I was a bit unsure what to write about this week… I had some fabulous social events for friends birthdays over the weekend; one of which was a dress up – and we all know how much I love those! Having a busy weekend also reminds me how grateful I am to not work on Mondays. … I am of an age where it takes a whole lot longer to recover from things that it used to!
This time of the year is difficult for me tho… I am coming up to all of the significant dates that changed my world, and the build up this year feels particularly hard. I’m not sure why that is because for the most part I am actually in a pretty good place in myself. I’ve lost some weight and am feeling healthy, I have great people around me and I am a whole lot more confident that I used to be, but right now it feels really heavy to be doing all of this on my own.
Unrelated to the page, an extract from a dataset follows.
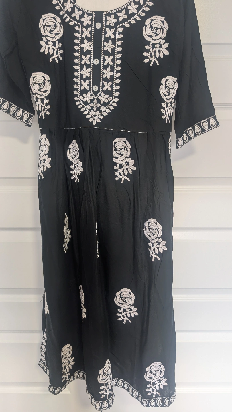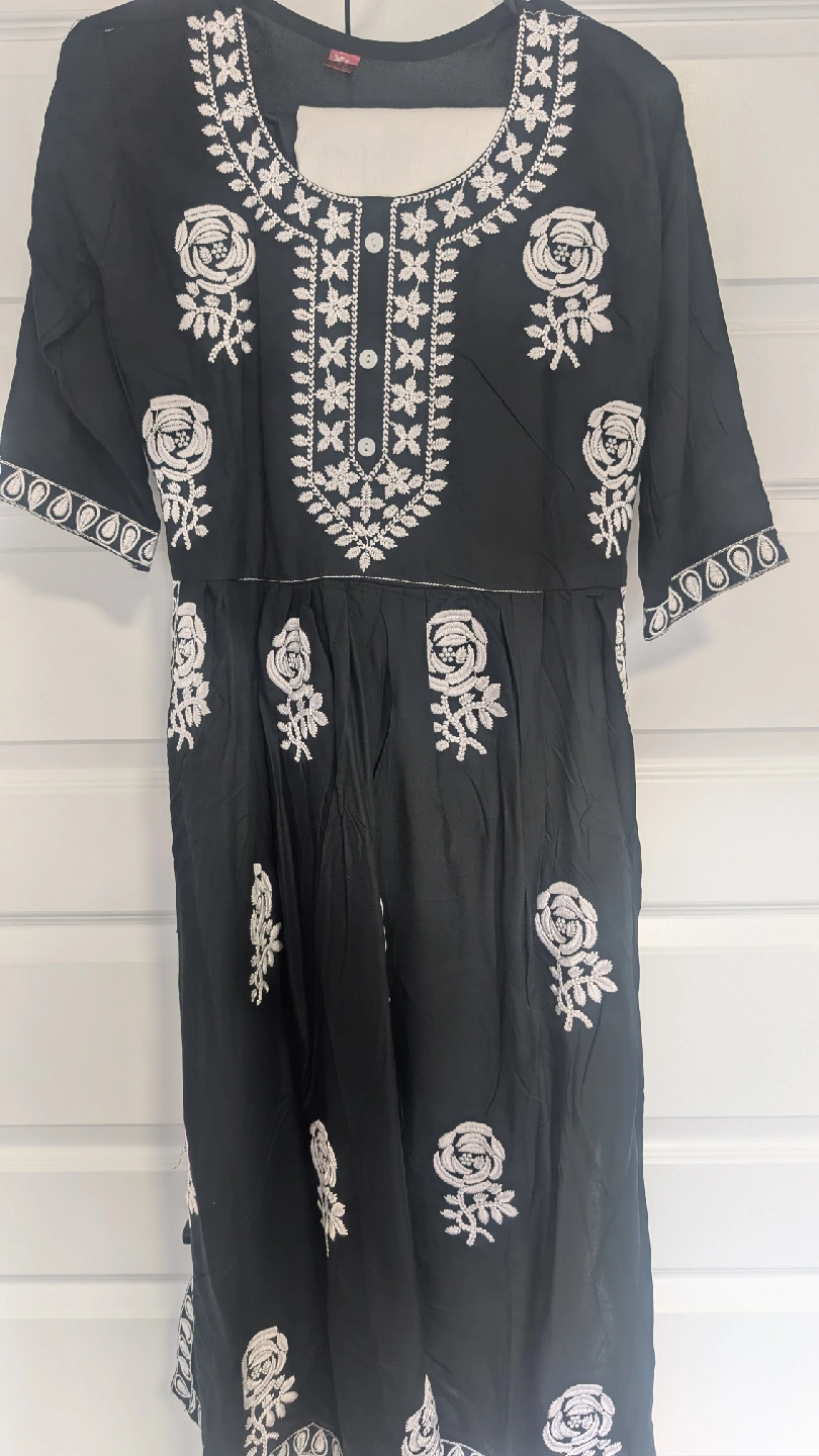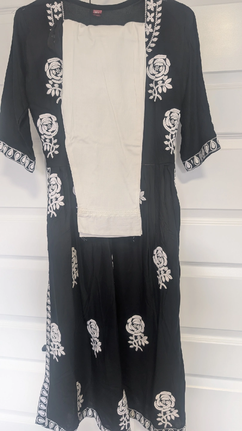 Selling a beautiful black kurti set with white embroidery. It looks great for casual wear or a special occasion. The set includes the kurti top and matching pants.
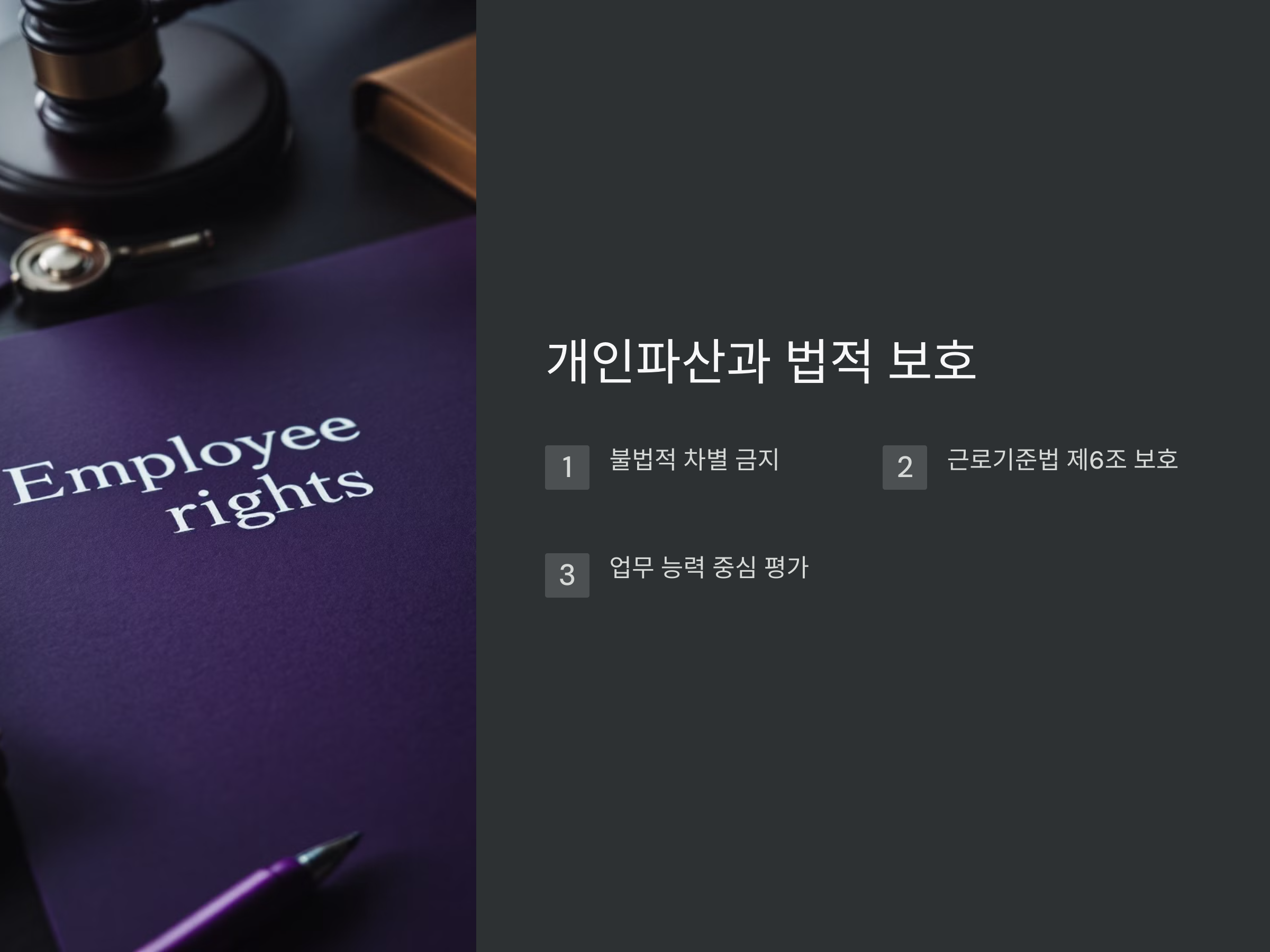 개인파산은 개인의 신용도를 회복하기 위한 제도적 절차이지만, 이를 이유로 직장에서 승진에 제한을 두는 것은 불법입니다. 사실, 한국의 경우, 개인파산을 이유로 직장 내에서 불이익을 주는 것은 법적으로 금지되어 있습니다. 이는 "근로기준법"에 의한 보호를 받기 때문인데, 근로자는 개인적인 재정 상황이나 과거에 관한 이유로 승진이나 고용에 차별을 받지 않아야 한다는 원칙이 있습니다. 따라서, 파산 후에도 업무 능력이 뛰어나면 승진 기회는 여전히 열려 있습니다.

Mostly I’m proud of myself and I want Claytie to be proud of me too. I want to know what his thoughts would be on how I have managed all of this shit for the last five years. I want to talk to him about the boys and how fabulous they are. I want his people to still be my people, our people…. I want him to be here! I want the life that I used to have!
Grief is a weird thing. It is such a rollercoaster! Just when you think you’re in an ok place something comes along to knock you right back down. It’s not even always something that you can pinpoint – which makes it hard to prepare for in any way! I know that the big dates are there, they are coming; and by now I mostly know how I will feel… it’s the day to day stuff that is the hardest… and there have been a lot of days!
Anyway… that me right now – doing my best to get through it and keep going. In the words of a great man… “it is what it is, you can’t change it, you just have to get on with it!”